Search code examples
sqlaggregatepresto

How to aggregate data for logic and show non-aggregated results in the output?


I have a table that looks like below:

person fruit date
A apple xxxx
B banana xxxx
C apple xxxx
A banana xxxx
C apple xxxx
B banana xxxx

I am interested in persons who have more than one banana in the data set. In this case, it would be person B. I understand how to achieve this by aggregating the data.
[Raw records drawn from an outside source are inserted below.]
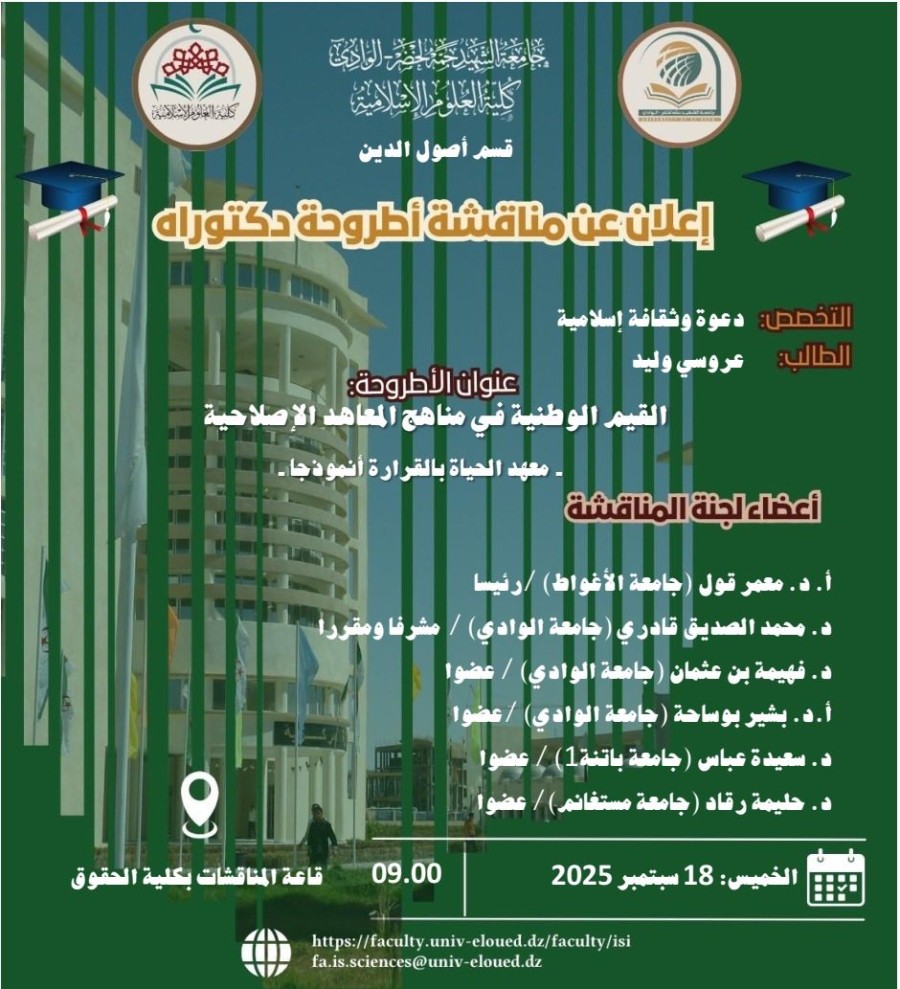 هنيئا للباحث عروسي وليد حصوله على شهادة الدكتوراه في تخصص الدعوة والثقافة الإسلامية من قسم أصول الدين بكليتنا، وبتقدير : مشرف جدا.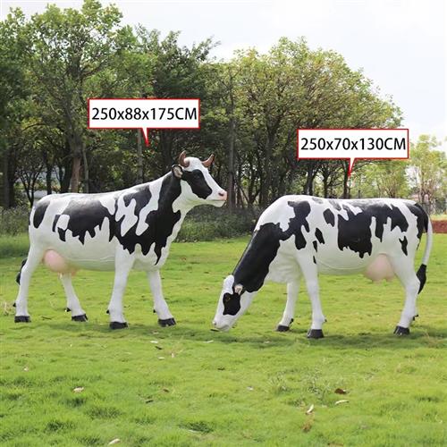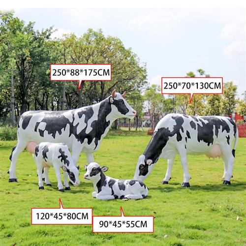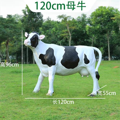 户外园林农场牧场仿真奶牛雕塑草坪西门塔尔玻璃钢黄水牛模型摆件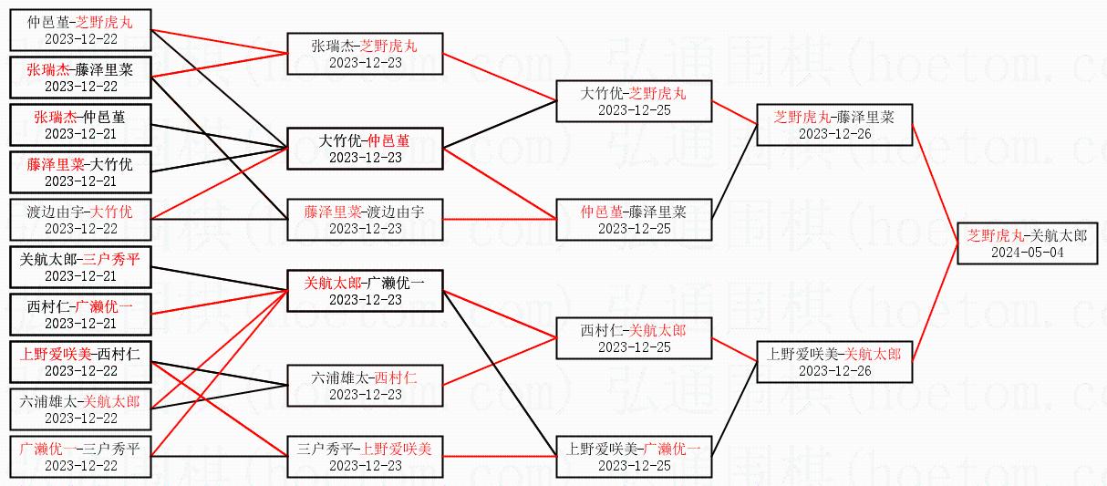 1.芝野虎丸获得冠军,关航太郎获得亚军。决赛比分:芝野虎丸2:0关航太郎。棋局: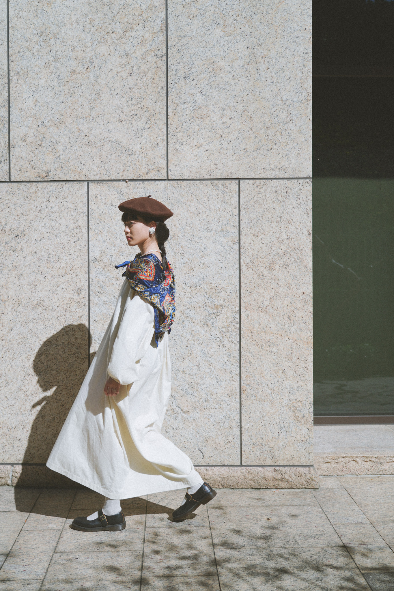 秋季首部曲,獻上了我們都喜愛的日本品牌 Nicholson & Nicholson,用簡單的廓形,搭配精細的材質與工法,打造能長時間融入日常的衣著,這件長度及踝的米白色 Dollie Cotton Flannel Dress,就像一張空白畫布般,有了大地色系長袍與絲巾的點綴後,飄飄裙擺與和諧色系,讓你就像油畫描繪出的精緻女性。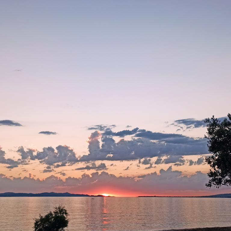 L'appartement est situé dans une maison familiale à côté de la mer. Vous disposez de tout ce dont vous avez besoin pour des vacances en famille ainsi que d'une belle vue depuis la terrasse donnant sur l'un des plus beaux couchers de soleil du monde. Deux chambres plus un canapé avec un lit queen-size qui peut, avec l'aide d'un surmatelas, devenir un lit confortable pour un adulte. La salle de bain dispose d'une douche et d'un autre WC supplémentaire, séparé. Devant la maison, vous avez une belle plage de galets avec des arbres à côté de laquelle se trouvent des chaises longues pour nos hôtes. Nous avons un camping familial à l'intérieur de la maison avec des toilettes et des douches attenantes que vous pouvez utiliser pendant que vous êtes sur la plage. A 5 minutes à pied de la maison, le long du front de mer, se trouvent une pizzeria et un bar de plage où vous pourrez prendre un café ou un cocktail. L'établissement est situé dans une zone où se trouvent principalement des campings familiaux privés, il est donc assez calme et pas du tout surpeuplé. Nous ne sommes pas nouveaux dans ce secteur, donc si vous êtes intéressé par des avis sur notre établissement, vous pouvez les trouver sur « booking ». Vous avez également la possibilité de mettre à l'eau un bateau jusqu'à 6 m de long et de l'amarrer à une bouée.

However, if I want my result to be NOT agrregated and look something like below, what would be the best way?

person fruit date
B banana xxxx
B banana xxxx

Solution

  • You can achieve this by using window function in subquery (in this case with count_if aggregate function) and filtering the result:

    -- sample data
    WITH dataset(person, fruit, date) AS (
        VALUES ('A',    'apple' ,'xxxx'),
        ('B',   'banana'    ,'xxxx'),
        ('C',   'apple' ,'xxxx'),
        ('A',   'banana'    ,'xxxx'),
        ('C',   'apple' ,'xxxx'),
        ('B',   'banana'    ,'xxxx')
    )
    
    -- query
    select person, fruit, date
    from (select *,
              count_if(fruit = 'banana') over(partition by person) banana_count
          from dataset)
    where banana_count > 1
    

    Output:

    person fruit date
    B banana xxxx
    B banana xxxx